▶ [GOAL OF THE EXERCISE]: Leave out all pictures. Return exactly the lines from the top of the material through the line containing "Sakurazaka46 ประกาศเซ็มบัตสึซิงเกิลที่ 14".

*** Begin section ***

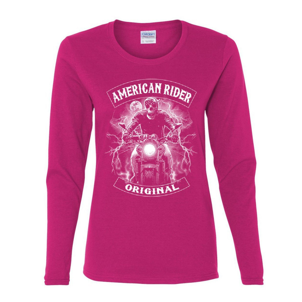 ORIGINAL AMERICAN RIDER women's long sleeve tee skull face route 66 biker mc hot pink
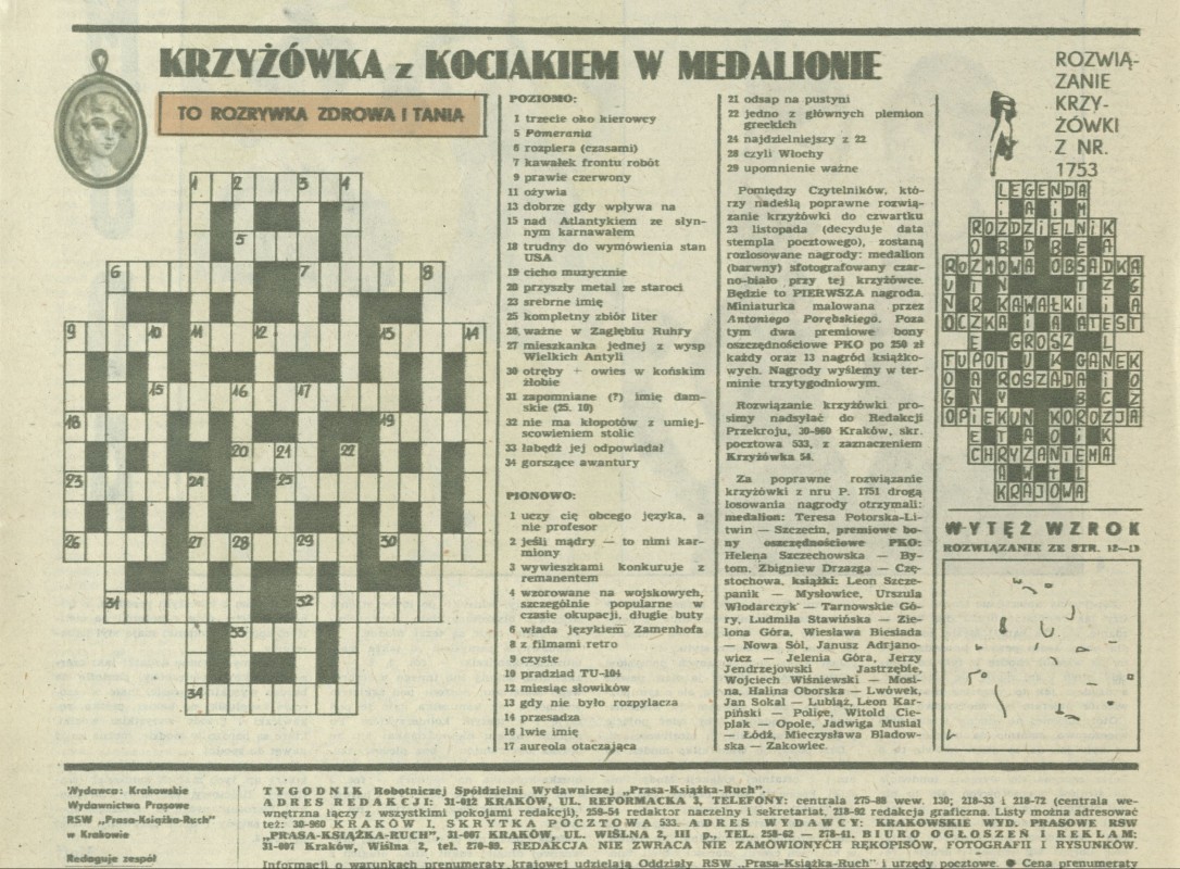 Archiwum / Krzyżówka z kociakiem nr 1754 (47/1978) 345/393 Podziel się Tytuł Krzyżówka z kociakiem Rubryka Krzyżówka z kociakiem Artykuł z numeru 1754 (47/1978) Data wydania 19 listopada 1978 Tagi krzyżówka różności
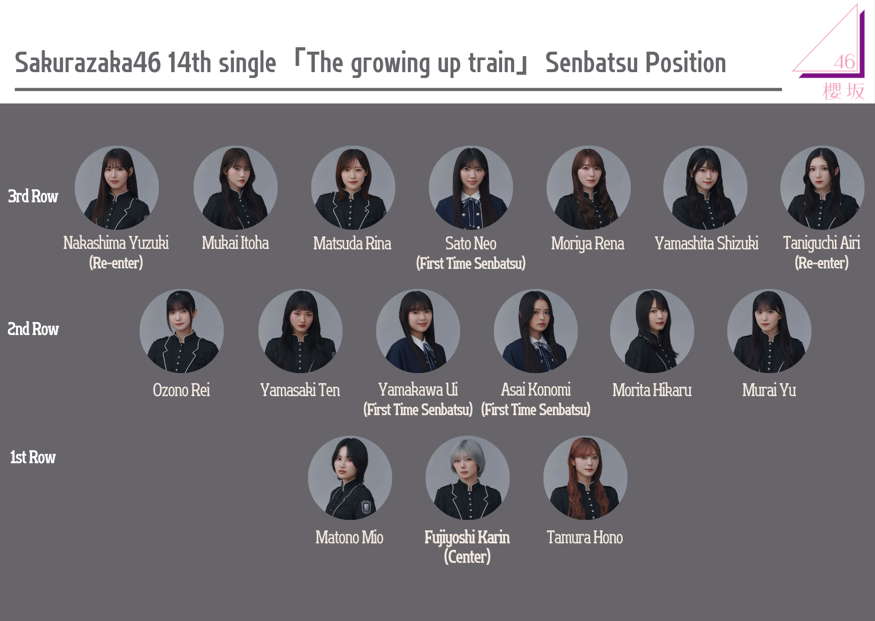 Sakurazaka46 ประกาศเซ็มบัตสึซิงเกิลที่ 14 「The growing up train」พร้อมตำแหน่งเซ็นเตอร์
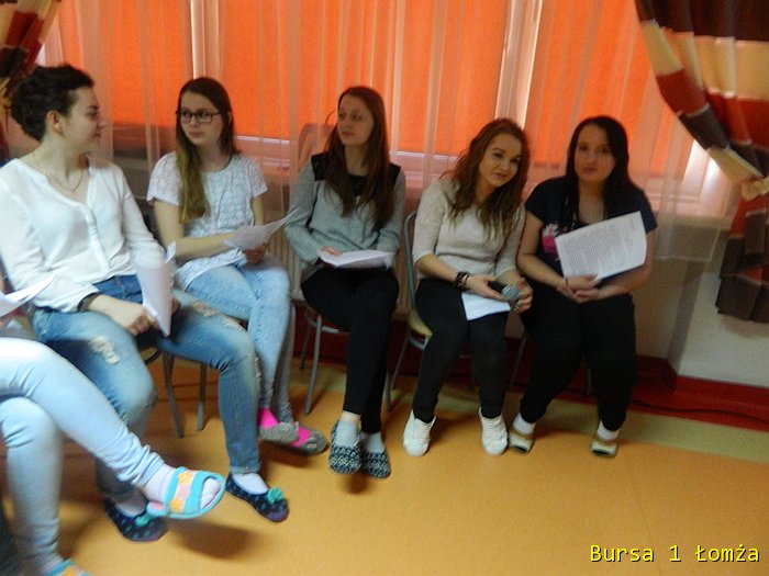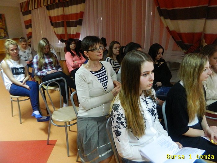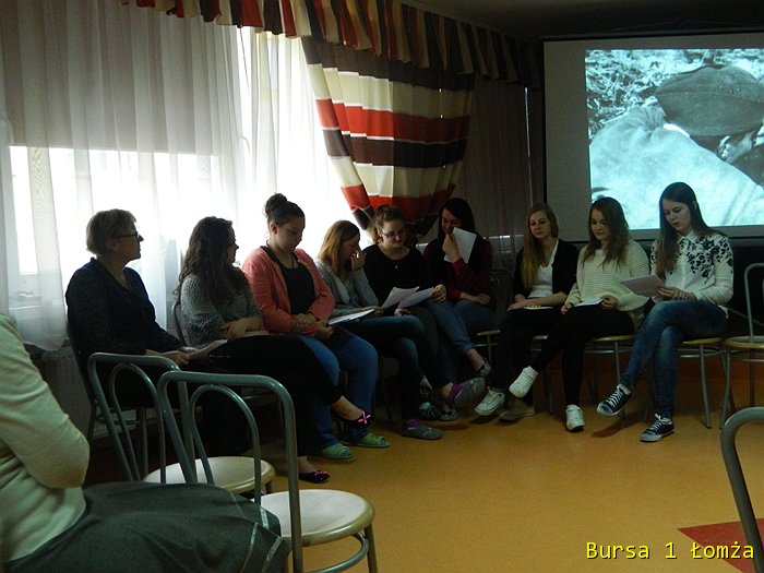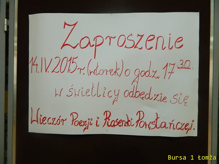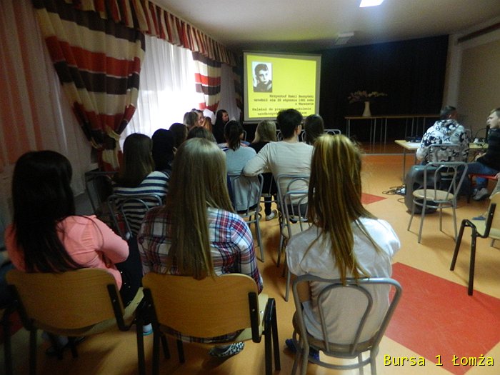 Dnia 14 kwietnia w świetlicy Bursy w ramach projektu odbył się „Wieczór poezji i piosenki powstańczej”. Młodzież wraz z wychowawcami obejrzała prezentację multimedialną pt. „Życie i twórczość Krzysztofa Kamila Baczyńskiego”. Prezentacja ta przybliżyła postać polskiego poety czasu wojny, podchorążego, żołnierza Armii Krajowej, podharcmistrza Szarych Szeregów, jednego z przedstawicieli pokolenia Kolumbów, który zginął 4 sierpnia 1944 r. w czasie powstania warszawskiego, jako żołnierz batalionu „Parasol” Armii Krajowej.
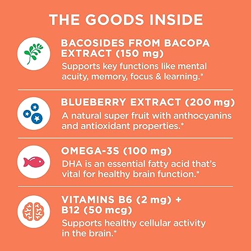 Essas cápsulas contêm uma mistura especializada de ingredientes, incluindo Bacosides do extrato de Bacopa, extrato de mirtilo, ômega-3 e vitaminas B6 e B12, que trabalham em sinergia para fornecer benefícios abrangentes para o cérebro.
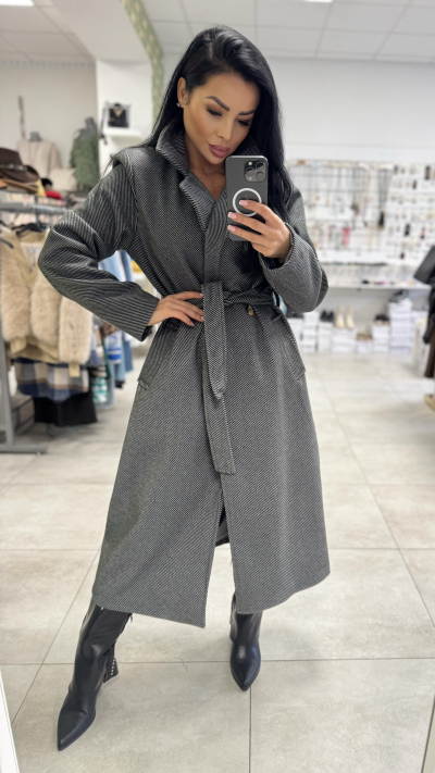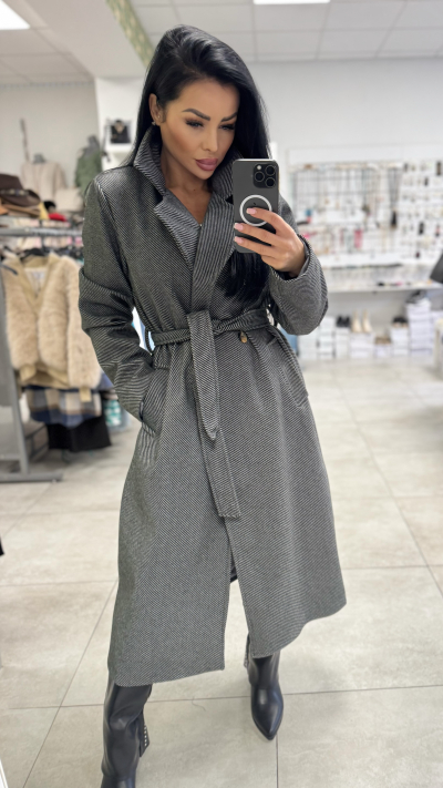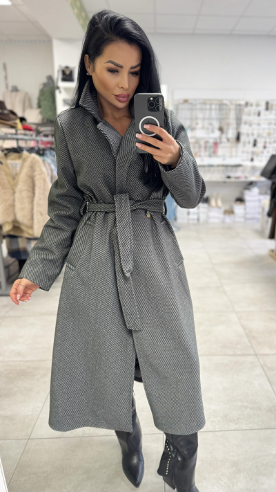 Dámsky dlhý kabát s viazaním v páse – univerzálna veľkosť

*** End section ***

▶ [EXERCISE ANSWER]:
 ORIGINAL AMERICAN RIDER women's long sleeve tee skull face route 66 biker mc hot pink
 Archiwum / Krzyżówka z kociakiem nr 1754 (47/1978) 345/393 Podziel się Tytuł Krzyżówka z kociakiem Rubryka Krzyżówka z kociakiem Artykuł z numeru 1754 (47/1978) Data wydania 19 listopada 1978 Tagi krzyżówka różności
 Sakurazaka46 ประกาศเซ็มบัตสึซิงเกิลที่ 14 「The growing up train」พร้อมตำแหน่งเซ็นเตอร์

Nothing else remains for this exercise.